或许刚开始有点障碍,可是插进去之后被湿热的穴紧紧夹着,裹挟着潮湿的体液,看着漂亮爸爸红着脸流泪的样子,宁远完全无法克制自己汹涌的欲望,只想把怀里温软的身体深深地操熟。
他们本来就应该是最亲密的人,如果爸爸有需求,也应该是宁远来解决,他会深深的填满爸爸,用滚烫的精液灌溉他被情欲催的烂熟的美妙肉体。

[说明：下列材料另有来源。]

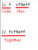 You want to prepare the code for applying color which is |c f
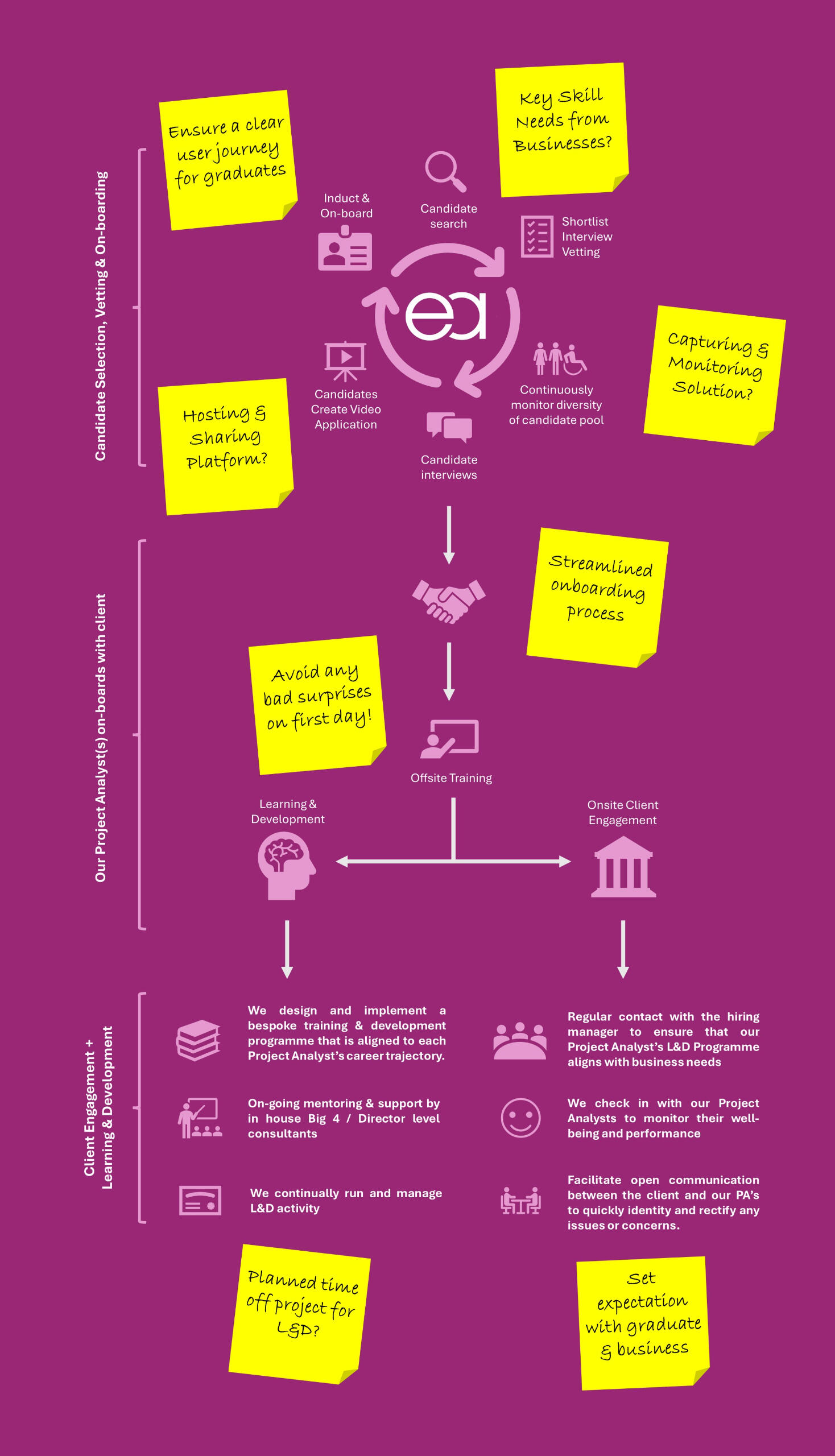 The primary user groups were graduates after exciting workplace opportunities, and clients looking to develop their long-term business change capability.For the service to be a success, we needed to ensure we met the expectations of both graduates and B2B clients, whilst solving each of their unique challenges, alongside analysing competition to help us develop a unique proposition.This helped us focus our offering - eaFutures wouldn't attempt to be a replacement for in-house graduate programmes, but rather a supplement. Internal schemes typically put graduates in rotation across operational areas, we would deploy them on clients' business change projects.I conducted user research with the two groups to draw out the key goals and issues - framing these priorities in the service design.

本来就应该这样,他们本来就应该这么亲密。
宁远按着宁城言的头,深深地和他接吻,吮到他舌尖发麻,嘴唇肿胀,然后再问,“舒服吗?”
宁城言流着泪轻轻的应。
他们的关系也就这样保持下来了。
亲密的,热烈的,畸形的,父子间的性关系。
宁城言是近代很出名的画家,所以经常会有艺术类大学邀请他去开讲座,可是宁城言不喜欢这样的场合,所以去的少,不过这次邀约的是宁远的大学,所以宁城言犹豫了一下就答应了。
宁远看着讲台上披散着柔软长发,眉眼如画的温温柔柔的美人,听着周围的同学压低声音讨论他的美貌,心里莫名的躁郁。
宁城言白皙的脸突然一红,像是红潮涌起,在脸上慢慢的晕开,添了些活色生香的美艳,他拿着的麦克传出他忽然急促的喘息,那双水亮的大眼睛有些发湿,他咬着牙强撑着对满满的坐着的学生露出笑,“先下课…”
“老师您没事吧?”坐在前排的学生看着美人病弱的样子,很是紧张。
“…哈…”宁城言努力的平静呼吸,“没事…”可是手都在轻轻的发抖,他强撑着跑出了教室,宁远笑了笑,从教室后面跟了出去。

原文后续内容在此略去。